The task – Here are some records; quote them exactly, leaving out the pictures.

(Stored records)
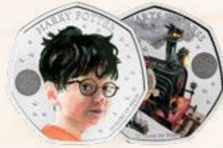
Harry Potter COIN SERIES

The British Monarchs Collection uniquely celebrates iconic kings and queens by providing a numismatic snapshot of their respective reigns through coin designs of yesteryear.
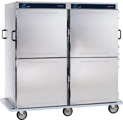
1000-BQ2/192 Shown with split door option
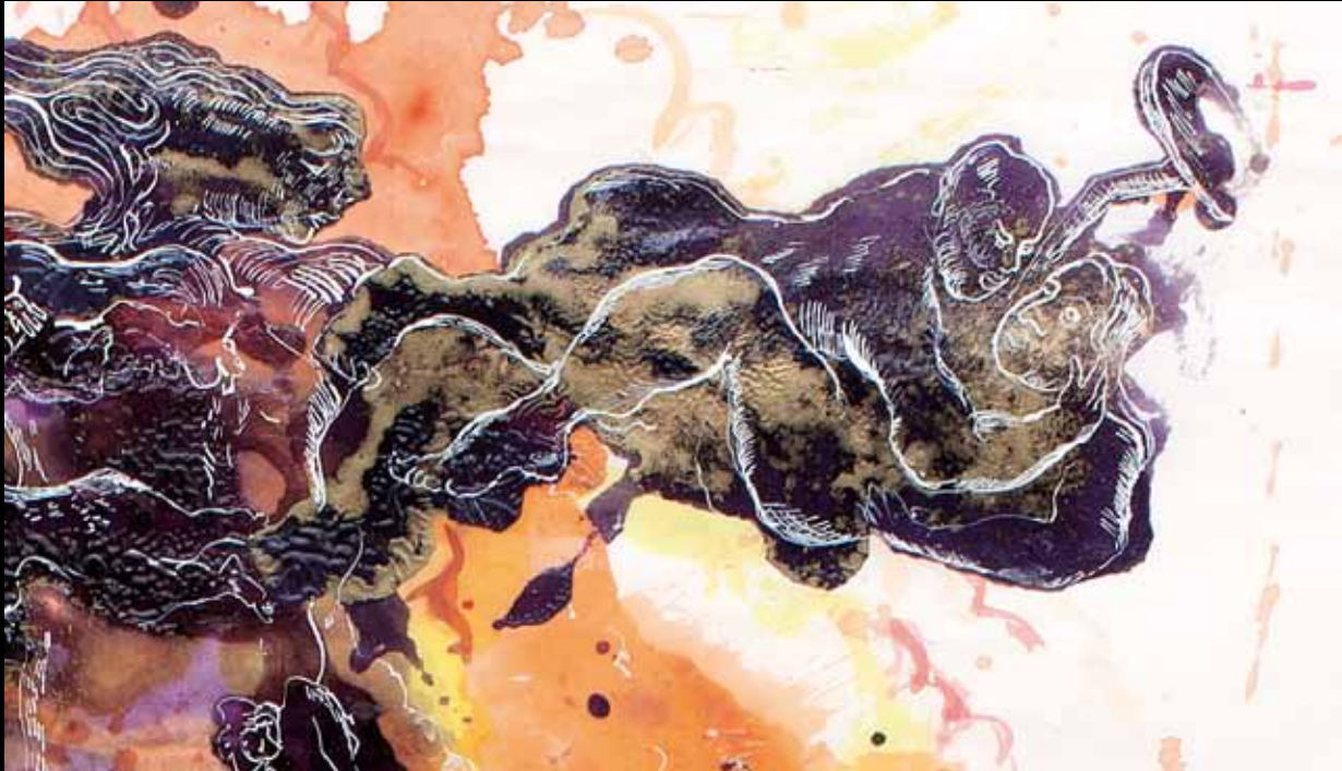
How Many Times He Did That! (Detail)

How Many Times He Did That! 2011 mixed media on paper 145 x 75 cm
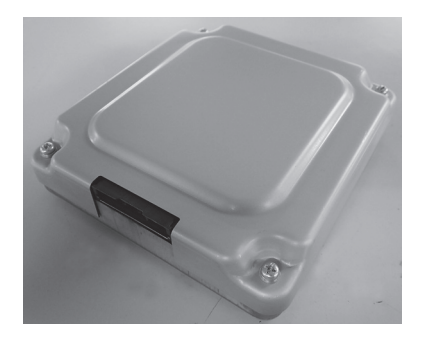
Photo1. Exterior of x-by-wire backup battery
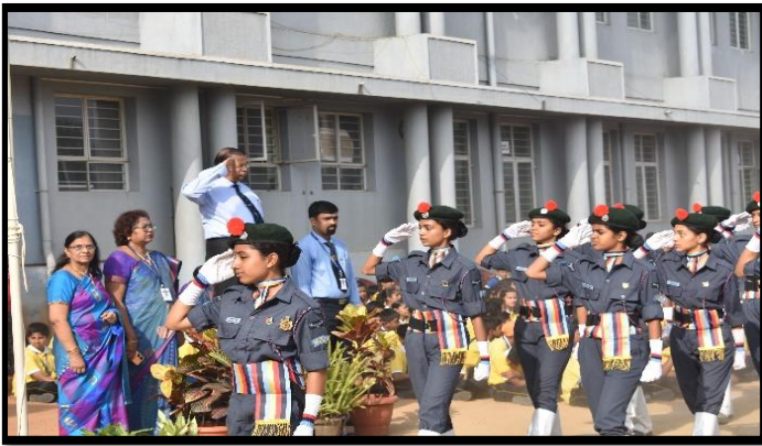
NCC CADETS SALUTING THE DELEGATES

Solution to the problem –
Harry Potter COIN SERIES

The British Monarchs Collection uniquely celebrates iconic kings and queens by providing a numismatic snapshot of their respective reigns through coin designs of yesteryear.
1000-BQ2/192 Shown with split door option
How Many Times He Did That! (Detail)

How Many Times He Did That! 2011 mixed media on paper 145 x 75 cm
Photo1. Exterior of x-by-wire backup battery
NCC CADETS SALUTING THE DELEGATES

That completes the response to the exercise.